**Aim of the exercise:**
After locating the line that contains "ရန်ကုန်မြို့တော် စည်ပင်ရွေးကောက်ပွဲကော်မရှင်ဥက္ကဋ္ဌ ဦးအောင်ခိုင်" in the records below, write out exactly that line and each line after it through the one that contains "ဖြေ။ ။ နည်းဥပဒေမှာသတ်မှတ်ထားတဲ့အတိုင်း", and nothing else.

BEGIN Records for the task

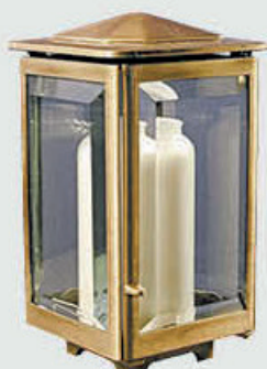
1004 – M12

END Records for the task
BEGIN Records for the task

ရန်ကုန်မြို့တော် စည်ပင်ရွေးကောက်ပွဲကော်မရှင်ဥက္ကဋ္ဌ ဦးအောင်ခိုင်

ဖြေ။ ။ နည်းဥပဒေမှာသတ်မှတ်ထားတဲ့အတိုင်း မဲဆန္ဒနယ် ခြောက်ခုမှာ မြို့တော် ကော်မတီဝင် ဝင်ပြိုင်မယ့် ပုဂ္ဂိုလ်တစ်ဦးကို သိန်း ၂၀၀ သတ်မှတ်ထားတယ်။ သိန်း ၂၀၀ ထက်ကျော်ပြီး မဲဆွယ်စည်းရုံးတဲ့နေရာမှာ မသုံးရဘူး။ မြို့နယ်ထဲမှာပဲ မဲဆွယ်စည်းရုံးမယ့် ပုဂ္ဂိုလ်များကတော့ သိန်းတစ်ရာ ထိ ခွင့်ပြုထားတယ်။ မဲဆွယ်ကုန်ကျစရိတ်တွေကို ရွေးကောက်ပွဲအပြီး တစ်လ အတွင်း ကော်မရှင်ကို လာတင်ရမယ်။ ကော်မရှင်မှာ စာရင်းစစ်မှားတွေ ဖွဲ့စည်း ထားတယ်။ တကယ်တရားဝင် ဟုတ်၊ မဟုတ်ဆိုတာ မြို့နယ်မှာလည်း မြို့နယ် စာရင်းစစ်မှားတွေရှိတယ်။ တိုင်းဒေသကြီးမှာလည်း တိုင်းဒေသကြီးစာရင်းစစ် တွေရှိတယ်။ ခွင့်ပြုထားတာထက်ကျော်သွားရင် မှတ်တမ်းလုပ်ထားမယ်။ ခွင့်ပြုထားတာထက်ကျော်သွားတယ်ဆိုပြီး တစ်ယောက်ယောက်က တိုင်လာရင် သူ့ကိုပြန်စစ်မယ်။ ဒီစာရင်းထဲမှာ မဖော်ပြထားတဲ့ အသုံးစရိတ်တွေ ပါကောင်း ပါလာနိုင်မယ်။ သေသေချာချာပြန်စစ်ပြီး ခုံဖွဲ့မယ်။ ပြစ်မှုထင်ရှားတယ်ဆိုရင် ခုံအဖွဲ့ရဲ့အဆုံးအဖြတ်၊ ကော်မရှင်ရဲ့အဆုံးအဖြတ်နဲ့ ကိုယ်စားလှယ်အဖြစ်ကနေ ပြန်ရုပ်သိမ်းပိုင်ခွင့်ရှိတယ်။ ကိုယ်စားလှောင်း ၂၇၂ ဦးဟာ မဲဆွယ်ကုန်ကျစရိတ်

END Records for the task

**Solution for this problem:**
ရန်ကုန်မြို့တော် စည်ပင်ရွေးကောက်ပွဲကော်မရှင်ဥက္ကဋ္ဌ ဦးအောင်ခိုင်

ဖြေ။ ။ နည်းဥပဒေမှာသတ်မှတ်ထားတဲ့အတိုင်း မဲဆန္ဒနယ် ခြောက်ခုမှာ မြို့တော် ကော်မတီဝင် ဝင်ပြိုင်မယ့် ပုဂ္ဂိုလ်တစ်ဦးကို သိန်း ၂၀၀ သတ်မှတ်ထားတယ်။ သိန်း ၂၀၀ ထက်ကျော်ပြီး မဲဆွယ်စည်းရုံးတဲ့နေရာမှာ မသုံးရဘူး။ မြို့နယ်ထဲမှာပဲ မဲဆွယ်စည်းရုံးမယ့် ပုဂ္ဂိုလ်များကတော့ သိန်းတစ်ရာ ထိ ခွင့်ပြုထားတယ်။ မဲဆွယ်ကုန်ကျစရိတ်တွေကို ရွေးကောက်ပွဲအပြီး တစ်လ အတွင်း ကော်မရှင်ကို လာတင်ရမယ်။ ကော်မရှင်မှာ စာရင်းစစ်မှားတွေ ဖွဲ့စည်း ထားတယ်။ တကယ်တရားဝင် ဟုတ်၊ မဟုတ်ဆိုတာ မြို့နယ်မှာလည်း မြို့နယ် စာရင်းစစ်မှားတွေရှိတယ်။ တိုင်းဒေသကြီးမှာလည်း တိုင်းဒေသကြီးစာရင်းစစ် တွေရှိတယ်။ ခွင့်ပြုထားတာထက်ကျော်သွားရင် မှတ်တမ်းလုပ်ထားမယ်။ ခွင့်ပြုထားတာထက်ကျော်သွားတယ်ဆိုပြီး တစ်ယောက်ယောက်က တိုင်လာရင် သူ့ကိုပြန်စစ်မယ်။ ဒီစာရင်းထဲမှာ မဖော်ပြထားတဲ့ အသုံးစရိတ်တွေ ပါကောင်း ပါလာနိုင်မယ်။ သေသေချာချာပြန်စစ်ပြီး ခုံဖွဲ့မယ်။ ပြစ်မှုထင်ရှားတယ်ဆိုရင် ခုံအဖွဲ့ရဲ့အဆုံးအဖြတ်၊ ကော်မရှင်ရဲ့အဆုံးအဖြတ်နဲ့ ကိုယ်စားလှယ်အဖြစ်ကနေ ပြန်ရုပ်သိမ်းပိုင်ခွင့်ရှိတယ်။ ကိုယ်စားလှောင်း ၂၇၂ ဦးဟာ မဲဆွယ်ကုန်ကျစရိတ်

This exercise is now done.